• **Task instructions**
Using the data that follows, return exactly the lines from the one that contains "网传图片显示,学生们的回答五" through the one that contains "- 【Easy Replacement", ends included.

··· Material for this exercise

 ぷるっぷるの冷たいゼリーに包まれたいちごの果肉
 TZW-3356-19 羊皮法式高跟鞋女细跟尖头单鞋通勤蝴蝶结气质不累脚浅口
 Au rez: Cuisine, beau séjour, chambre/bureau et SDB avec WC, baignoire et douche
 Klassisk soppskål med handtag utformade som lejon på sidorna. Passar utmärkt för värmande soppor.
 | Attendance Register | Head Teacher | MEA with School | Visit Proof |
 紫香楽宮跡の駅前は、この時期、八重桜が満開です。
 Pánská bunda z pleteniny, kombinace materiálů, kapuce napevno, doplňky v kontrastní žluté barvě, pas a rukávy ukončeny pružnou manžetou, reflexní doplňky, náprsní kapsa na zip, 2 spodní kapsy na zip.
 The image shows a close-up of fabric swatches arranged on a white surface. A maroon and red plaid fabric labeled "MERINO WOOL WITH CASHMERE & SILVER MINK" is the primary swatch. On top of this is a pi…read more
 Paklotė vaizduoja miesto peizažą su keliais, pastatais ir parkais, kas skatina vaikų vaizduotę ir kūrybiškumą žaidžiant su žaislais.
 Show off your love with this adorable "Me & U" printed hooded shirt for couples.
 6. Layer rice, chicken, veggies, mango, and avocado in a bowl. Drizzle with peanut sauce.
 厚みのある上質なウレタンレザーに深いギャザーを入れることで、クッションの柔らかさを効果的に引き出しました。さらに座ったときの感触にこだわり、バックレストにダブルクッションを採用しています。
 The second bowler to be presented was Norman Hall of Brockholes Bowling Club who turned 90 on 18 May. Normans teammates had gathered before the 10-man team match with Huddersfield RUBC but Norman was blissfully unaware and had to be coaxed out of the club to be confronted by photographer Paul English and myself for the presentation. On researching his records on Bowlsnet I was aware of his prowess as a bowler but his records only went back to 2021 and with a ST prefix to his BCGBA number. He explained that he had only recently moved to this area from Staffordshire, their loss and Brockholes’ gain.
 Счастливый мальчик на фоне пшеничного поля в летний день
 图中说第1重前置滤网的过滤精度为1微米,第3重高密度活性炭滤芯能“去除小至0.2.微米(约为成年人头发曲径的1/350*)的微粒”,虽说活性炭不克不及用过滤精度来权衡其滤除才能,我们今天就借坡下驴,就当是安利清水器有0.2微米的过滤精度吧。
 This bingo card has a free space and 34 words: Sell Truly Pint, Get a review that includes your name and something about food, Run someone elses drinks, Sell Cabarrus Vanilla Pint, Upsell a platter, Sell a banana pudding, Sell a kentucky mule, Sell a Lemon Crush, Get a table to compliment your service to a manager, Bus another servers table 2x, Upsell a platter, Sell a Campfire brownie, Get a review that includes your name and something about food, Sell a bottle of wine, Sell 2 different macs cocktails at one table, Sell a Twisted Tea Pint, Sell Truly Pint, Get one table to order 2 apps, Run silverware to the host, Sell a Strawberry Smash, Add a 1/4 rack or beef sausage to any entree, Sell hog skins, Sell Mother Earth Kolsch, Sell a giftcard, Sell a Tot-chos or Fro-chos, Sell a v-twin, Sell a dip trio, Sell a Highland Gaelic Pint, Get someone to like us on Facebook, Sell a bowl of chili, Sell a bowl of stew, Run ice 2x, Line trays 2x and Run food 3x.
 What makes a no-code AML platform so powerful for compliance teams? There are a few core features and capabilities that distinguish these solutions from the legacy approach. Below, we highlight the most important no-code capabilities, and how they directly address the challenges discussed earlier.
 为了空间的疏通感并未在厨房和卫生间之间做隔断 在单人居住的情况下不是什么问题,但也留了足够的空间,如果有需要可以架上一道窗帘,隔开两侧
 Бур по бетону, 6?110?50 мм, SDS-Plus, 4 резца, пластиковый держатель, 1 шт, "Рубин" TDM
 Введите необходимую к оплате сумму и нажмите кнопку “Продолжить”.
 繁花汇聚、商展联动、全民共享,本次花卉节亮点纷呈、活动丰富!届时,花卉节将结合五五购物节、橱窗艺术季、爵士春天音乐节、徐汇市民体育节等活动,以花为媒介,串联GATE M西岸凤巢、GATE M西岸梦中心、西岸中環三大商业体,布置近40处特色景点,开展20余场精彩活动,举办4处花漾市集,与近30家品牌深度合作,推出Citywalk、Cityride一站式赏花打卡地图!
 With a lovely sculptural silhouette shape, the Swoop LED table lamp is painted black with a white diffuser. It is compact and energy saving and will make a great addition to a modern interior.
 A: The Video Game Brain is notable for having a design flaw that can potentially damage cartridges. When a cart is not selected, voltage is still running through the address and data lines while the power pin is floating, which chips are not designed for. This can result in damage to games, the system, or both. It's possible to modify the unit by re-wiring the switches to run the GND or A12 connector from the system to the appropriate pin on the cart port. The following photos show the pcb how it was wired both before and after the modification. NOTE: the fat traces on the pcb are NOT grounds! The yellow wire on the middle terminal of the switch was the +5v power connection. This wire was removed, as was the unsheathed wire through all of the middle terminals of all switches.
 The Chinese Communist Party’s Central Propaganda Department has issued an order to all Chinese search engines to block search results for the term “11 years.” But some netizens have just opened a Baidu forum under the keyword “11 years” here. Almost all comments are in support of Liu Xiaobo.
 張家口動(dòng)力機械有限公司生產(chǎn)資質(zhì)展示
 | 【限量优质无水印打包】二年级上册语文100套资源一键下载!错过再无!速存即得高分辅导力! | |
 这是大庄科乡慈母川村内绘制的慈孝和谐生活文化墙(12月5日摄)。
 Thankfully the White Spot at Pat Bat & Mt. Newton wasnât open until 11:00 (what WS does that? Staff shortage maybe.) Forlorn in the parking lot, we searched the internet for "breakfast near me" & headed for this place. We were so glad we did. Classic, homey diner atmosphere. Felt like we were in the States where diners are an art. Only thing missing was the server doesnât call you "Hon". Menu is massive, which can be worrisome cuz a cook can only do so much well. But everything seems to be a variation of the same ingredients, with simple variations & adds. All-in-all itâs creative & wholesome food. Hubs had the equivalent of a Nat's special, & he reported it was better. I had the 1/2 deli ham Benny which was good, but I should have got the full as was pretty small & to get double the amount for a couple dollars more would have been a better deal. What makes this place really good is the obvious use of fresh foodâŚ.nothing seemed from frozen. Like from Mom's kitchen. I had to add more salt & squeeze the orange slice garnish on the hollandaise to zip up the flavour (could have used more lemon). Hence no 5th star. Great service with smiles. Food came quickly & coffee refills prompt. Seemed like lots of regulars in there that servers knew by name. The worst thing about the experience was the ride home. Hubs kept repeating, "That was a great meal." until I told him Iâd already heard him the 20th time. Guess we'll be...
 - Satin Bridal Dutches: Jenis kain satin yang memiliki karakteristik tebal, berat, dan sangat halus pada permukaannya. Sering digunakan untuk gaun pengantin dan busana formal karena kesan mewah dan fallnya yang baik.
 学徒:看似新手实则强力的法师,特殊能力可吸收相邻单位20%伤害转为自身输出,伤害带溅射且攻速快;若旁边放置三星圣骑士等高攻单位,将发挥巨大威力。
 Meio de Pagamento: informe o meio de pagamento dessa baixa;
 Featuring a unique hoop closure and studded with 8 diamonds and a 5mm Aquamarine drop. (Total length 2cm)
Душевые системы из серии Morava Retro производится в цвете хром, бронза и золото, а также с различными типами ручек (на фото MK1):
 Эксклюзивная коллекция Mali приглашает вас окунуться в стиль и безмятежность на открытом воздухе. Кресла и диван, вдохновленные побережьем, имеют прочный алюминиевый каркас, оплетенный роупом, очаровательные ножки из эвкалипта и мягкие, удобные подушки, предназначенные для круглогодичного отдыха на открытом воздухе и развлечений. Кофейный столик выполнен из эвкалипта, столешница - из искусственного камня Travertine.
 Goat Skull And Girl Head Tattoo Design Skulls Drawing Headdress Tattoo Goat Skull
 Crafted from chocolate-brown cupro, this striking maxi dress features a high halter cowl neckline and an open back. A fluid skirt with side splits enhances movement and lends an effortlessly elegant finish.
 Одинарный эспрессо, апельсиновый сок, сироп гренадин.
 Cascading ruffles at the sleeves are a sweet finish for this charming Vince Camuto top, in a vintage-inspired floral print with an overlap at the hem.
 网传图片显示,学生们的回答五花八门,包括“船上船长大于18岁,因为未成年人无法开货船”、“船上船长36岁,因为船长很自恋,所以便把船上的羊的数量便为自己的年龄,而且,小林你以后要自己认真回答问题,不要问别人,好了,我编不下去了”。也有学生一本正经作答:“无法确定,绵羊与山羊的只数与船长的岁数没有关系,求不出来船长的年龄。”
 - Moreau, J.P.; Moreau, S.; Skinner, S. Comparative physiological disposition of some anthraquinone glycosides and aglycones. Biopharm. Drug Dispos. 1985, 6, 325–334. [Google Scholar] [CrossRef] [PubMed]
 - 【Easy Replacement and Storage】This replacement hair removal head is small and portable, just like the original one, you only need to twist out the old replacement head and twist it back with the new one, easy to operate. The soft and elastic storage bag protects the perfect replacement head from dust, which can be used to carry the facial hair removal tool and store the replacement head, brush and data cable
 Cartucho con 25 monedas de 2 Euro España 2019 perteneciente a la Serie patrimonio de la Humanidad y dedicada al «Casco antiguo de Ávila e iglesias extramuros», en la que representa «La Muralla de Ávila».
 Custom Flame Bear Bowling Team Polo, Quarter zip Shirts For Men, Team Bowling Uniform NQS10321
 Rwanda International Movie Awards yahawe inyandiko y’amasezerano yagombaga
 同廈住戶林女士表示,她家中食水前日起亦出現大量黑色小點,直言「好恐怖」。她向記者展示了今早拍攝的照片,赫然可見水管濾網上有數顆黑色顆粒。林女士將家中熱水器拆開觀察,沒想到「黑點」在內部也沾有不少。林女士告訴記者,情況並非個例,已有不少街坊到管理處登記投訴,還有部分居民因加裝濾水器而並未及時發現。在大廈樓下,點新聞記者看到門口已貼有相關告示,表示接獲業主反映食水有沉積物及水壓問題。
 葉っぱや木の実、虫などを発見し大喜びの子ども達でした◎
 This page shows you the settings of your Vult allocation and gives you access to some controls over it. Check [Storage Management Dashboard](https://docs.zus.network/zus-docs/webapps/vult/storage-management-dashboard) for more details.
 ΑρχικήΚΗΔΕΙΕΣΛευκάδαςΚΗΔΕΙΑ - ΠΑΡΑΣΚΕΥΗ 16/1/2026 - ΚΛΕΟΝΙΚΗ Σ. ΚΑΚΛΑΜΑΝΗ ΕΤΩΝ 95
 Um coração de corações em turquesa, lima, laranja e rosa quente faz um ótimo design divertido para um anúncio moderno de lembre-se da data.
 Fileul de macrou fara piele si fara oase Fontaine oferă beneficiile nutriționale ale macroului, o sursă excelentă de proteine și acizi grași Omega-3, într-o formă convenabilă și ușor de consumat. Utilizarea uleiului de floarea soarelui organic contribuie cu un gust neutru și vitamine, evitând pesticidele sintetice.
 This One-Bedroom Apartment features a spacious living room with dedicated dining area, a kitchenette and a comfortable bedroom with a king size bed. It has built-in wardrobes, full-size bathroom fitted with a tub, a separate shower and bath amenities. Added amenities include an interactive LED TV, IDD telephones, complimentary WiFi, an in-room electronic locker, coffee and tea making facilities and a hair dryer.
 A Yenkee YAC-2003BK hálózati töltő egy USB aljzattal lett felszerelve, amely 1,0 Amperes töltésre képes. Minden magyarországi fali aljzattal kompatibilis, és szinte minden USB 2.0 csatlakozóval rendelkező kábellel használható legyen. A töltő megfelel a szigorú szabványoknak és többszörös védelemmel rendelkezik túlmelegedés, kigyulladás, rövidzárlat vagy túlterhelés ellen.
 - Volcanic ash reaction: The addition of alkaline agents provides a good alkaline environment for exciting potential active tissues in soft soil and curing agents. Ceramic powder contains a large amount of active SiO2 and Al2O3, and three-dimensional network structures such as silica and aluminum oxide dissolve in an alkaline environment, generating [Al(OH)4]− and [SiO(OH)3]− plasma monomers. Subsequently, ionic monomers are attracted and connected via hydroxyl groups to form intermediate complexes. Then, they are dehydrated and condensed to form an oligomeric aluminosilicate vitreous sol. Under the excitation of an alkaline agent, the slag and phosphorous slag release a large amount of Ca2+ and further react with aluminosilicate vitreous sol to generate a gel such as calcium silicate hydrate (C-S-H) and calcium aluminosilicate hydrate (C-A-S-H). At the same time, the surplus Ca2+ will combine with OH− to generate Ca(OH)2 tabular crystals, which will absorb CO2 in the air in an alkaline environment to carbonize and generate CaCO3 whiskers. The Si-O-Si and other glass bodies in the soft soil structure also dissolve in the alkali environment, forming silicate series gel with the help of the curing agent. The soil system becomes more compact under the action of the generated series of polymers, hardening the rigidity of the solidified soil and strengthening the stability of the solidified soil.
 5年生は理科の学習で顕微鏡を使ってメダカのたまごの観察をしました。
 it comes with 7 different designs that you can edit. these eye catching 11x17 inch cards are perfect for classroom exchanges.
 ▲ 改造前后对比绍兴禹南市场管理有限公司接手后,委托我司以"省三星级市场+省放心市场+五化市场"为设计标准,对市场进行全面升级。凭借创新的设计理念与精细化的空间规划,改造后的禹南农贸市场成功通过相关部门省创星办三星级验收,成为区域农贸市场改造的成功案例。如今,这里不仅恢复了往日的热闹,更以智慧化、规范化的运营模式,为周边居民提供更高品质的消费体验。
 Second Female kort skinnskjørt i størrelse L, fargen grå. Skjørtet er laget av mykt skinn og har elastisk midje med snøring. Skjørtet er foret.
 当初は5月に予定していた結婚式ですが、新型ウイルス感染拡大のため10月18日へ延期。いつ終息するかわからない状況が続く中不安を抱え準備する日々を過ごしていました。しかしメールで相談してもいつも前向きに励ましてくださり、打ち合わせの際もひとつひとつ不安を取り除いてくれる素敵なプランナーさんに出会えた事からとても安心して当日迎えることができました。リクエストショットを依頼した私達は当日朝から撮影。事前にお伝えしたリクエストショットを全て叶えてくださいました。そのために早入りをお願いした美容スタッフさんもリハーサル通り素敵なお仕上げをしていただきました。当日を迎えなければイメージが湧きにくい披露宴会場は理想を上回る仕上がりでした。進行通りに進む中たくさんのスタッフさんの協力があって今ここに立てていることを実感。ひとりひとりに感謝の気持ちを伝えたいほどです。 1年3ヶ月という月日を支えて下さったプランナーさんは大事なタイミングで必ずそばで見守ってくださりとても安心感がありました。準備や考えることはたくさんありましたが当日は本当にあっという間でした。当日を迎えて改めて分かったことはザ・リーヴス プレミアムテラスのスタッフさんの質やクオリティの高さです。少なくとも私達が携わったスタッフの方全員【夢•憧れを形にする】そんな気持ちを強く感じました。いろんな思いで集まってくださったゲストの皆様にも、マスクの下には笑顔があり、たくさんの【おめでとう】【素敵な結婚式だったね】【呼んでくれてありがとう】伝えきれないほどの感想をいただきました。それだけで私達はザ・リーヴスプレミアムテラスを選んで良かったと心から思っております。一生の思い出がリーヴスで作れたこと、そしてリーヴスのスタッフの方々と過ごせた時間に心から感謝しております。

······

• **The completed task**
 网传图片显示,学生们的回答五花八门,包括“船上船长大于18岁,因为未成年人无法开货船”、“船上船长36岁,因为船长很自恋,所以便把船上的羊的数量便为自己的年龄,而且,小林你以后要自己认真回答问题,不要问别人,好了,我编不下去了”。也有学生一本正经作答:“无法确定,绵羊与山羊的只数与船长的岁数没有关系,求不出来船长的年龄。”
 - Moreau, J.P.; Moreau, S.; Skinner, S. Comparative physiological disposition of some anthraquinone glycosides and aglycones. Biopharm. Drug Dispos. 1985, 6, 325–334. [Google Scholar] [CrossRef] [PubMed]
 - 【Easy Replacement and Storage】This replacement hair removal head is small and portable, just like the original one, you only need to twist out the old replacement head and twist it back with the new one, easy to operate. The soft and elastic storage bag protects the perfect replacement head from dust, which can be used to carry the facial hair removal tool and store the replacement head, brush and data cable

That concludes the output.